The nightmare that became reality.

Non volevo rendermi conto di come stavano le cose. Non volevo rendermi conto che tutto ciò che ho sempre pensato essere falso, in realtà era la verità. La pura Verità.
E non volevo rendermi conto che quell'incubo era reale. Non volevo. Ma dovevo.


CAP 3: Una lettera.

Ho osservato tutti gli esseri: pietre, piante e animali e mi sono sembrate come lettere sparse rispetto alle quali l'uomo è parola viva e piena. - Paracelso

Rilessi le parole dell'articolo e continuavo a non comprendere il collegamento tra me e quella cosa chiamata Azoth...c'era qualcosa che non sapevo? Qualcosa che forse mio padre non mi aveva rivelato? Eppure ero più che certa che mio padre in tutta la sua vita non mi aveva mai nascosto nulla: sapevo che i miei nonni erano morti prima che io nascessi (a quanto pare quando ebbero mio padre loro avevano quasi compiuto 36 anni e morirono entrambi a 71 anni per un infarto, almeno così papà mi aveva raccontato) e sapevo anche che proveniva da una famiglia di professori molto stimati, proprio come lui. Per il resto non sapevo nulla, ma all'improvviso mi ricordai di una cosa che mi rivelò prima che capitasse l'incidente.

*FLASHBACK*
Ero in macchina con i miei genitori, erano appena cominciate le vacanze e loro erano venuti a prendermi per tornare a casa. Durante il viaggio, pensai al fatto che presto avrei deciso di frequentare l'Università di Basilea. Grazie al mio tedesco come seconda lingua (mia madre Ayla era franco-tedesca) sarei riuscita sicuramente a seguire le lezioni e magari trovare un appartamento vicino all'edificio universitario. Avevo optato per la facoltà di Storia dell'Arte, i miei genitori sapevano quanto amavo l'arte e mio padre, che rispettava la mia decisione seppur avrebbe preferito che frequentassi una facoltà scientifica come fece lui in passato, mi disse una cosa. "Sai, tuo nonno amava moltissimo farsi ritrarre. E odiava le macchine fotografiche. Riteneva che la pittura fosse la migliore forma di rappresentazione di un'immagine e odiava le fotografie. L'unica cosa che riusciva ancora a sopportare era il cinema, anche se riteneva che certi attori fossero delle mezze cartucce, almeno così lui li definiva". Appena ebbe finito di dire quelle parole si mise a ridere, mentre mia madre sorrise, anche se sembrava un pò...pensierosa.
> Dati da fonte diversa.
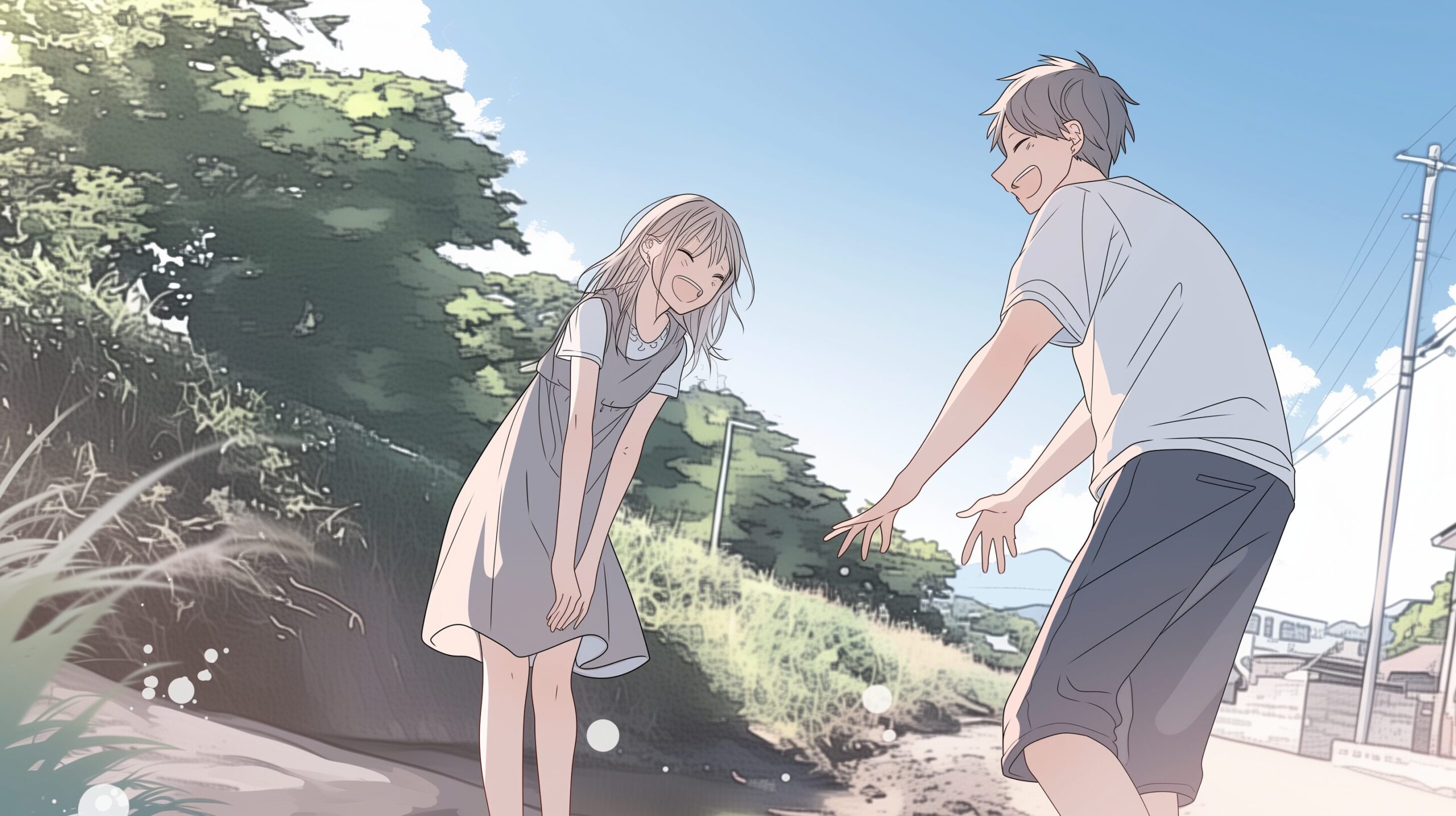 検索タグ:イラスト、ファッション、キャラクター、女性、女、女の子、女子、女の人、アニメ、漫画、マンガ、美人、美女、若い、かわいい、可愛い、カワイイ、人物、顔、美しい、綺麗、きれい、キレイ、アート、お洒落、挿絵、インスタ、Instagram、AI生成画像、fashion、コピースペース、カップル、恋人、男性、男、男の人、恋愛、恋、エモい、夏、夏休み、イベント、笑顔、川、ビーチ、青空、晴れ、サマー、川辺、河川敷、遊ぶ、楽しい、楽しむ、田舎、デート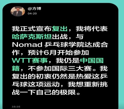方博發(fā)文回應:“我正式宣布復出,我將代表哈薩克斯坦出戰(zhàn),與Nomad乒乓球學院達成合作,預計6月開始參加WTT賽事,我仍是中國國籍,不參加國際三大賽。我復出的初衷仍然是熱愛這乒乓球這項運動,我想重新挑戰(zhàn)一下自己的極限?!?/p>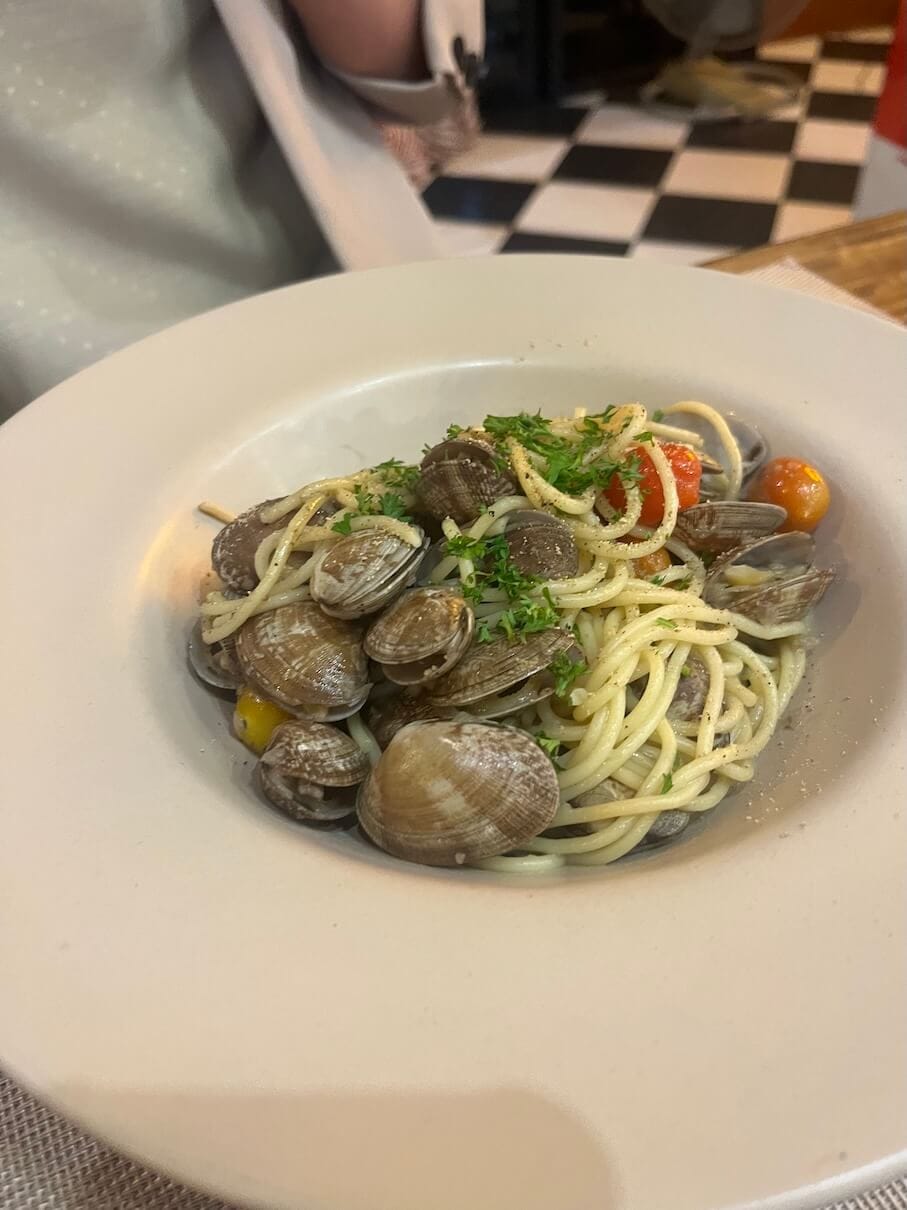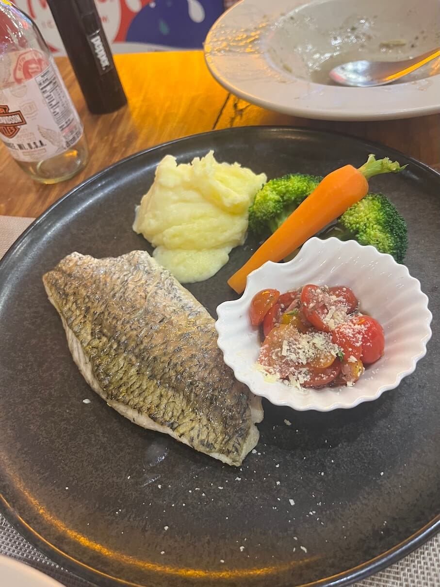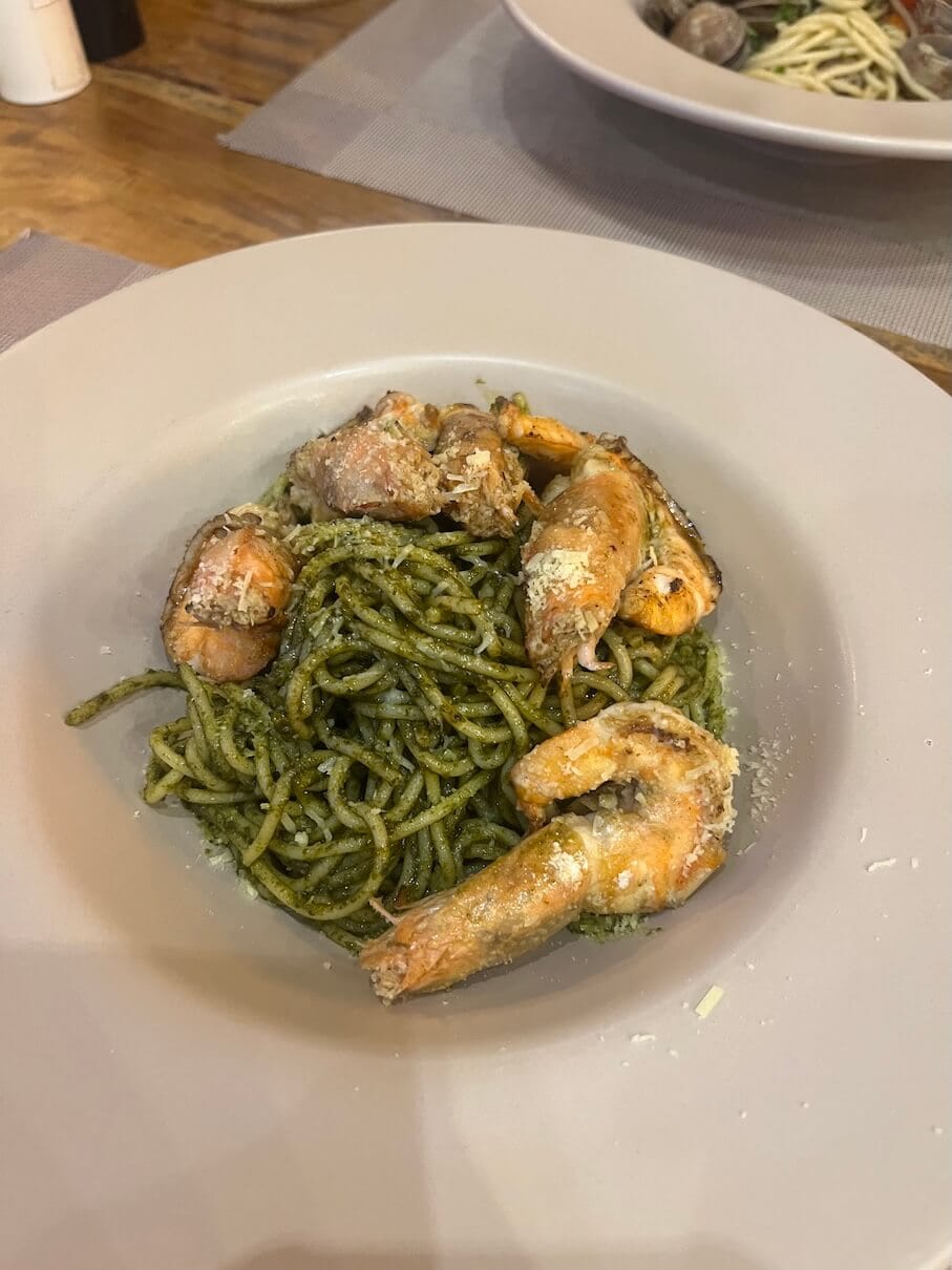 We ordered pesto pasta, vongole pasta and a fish dish. Portions were generous, ingredients fresh, but the food was under-seasoned so we had to add our own salt.

Mio padre invece sembrò quasi pentirsi di aver detto quelle parole, forse perchè voleva dimenticarsi di qualcosa, o qualcuno, che lo aveva ferito.
All'improvviso, sbucò dal nulla un auto che ci sorpassò e portò fuori strada l'auto di mio padre, urlai e poi ci fu il buio.
*FINE FLASHBACK*

Quelle parole mi fecero venire ad un tratto molti interrogativi: perchè mio padre non mi disse mai il nome dei suoi genitori? A volte sembrava che disprezzasse perfino il suo cognome: Belli.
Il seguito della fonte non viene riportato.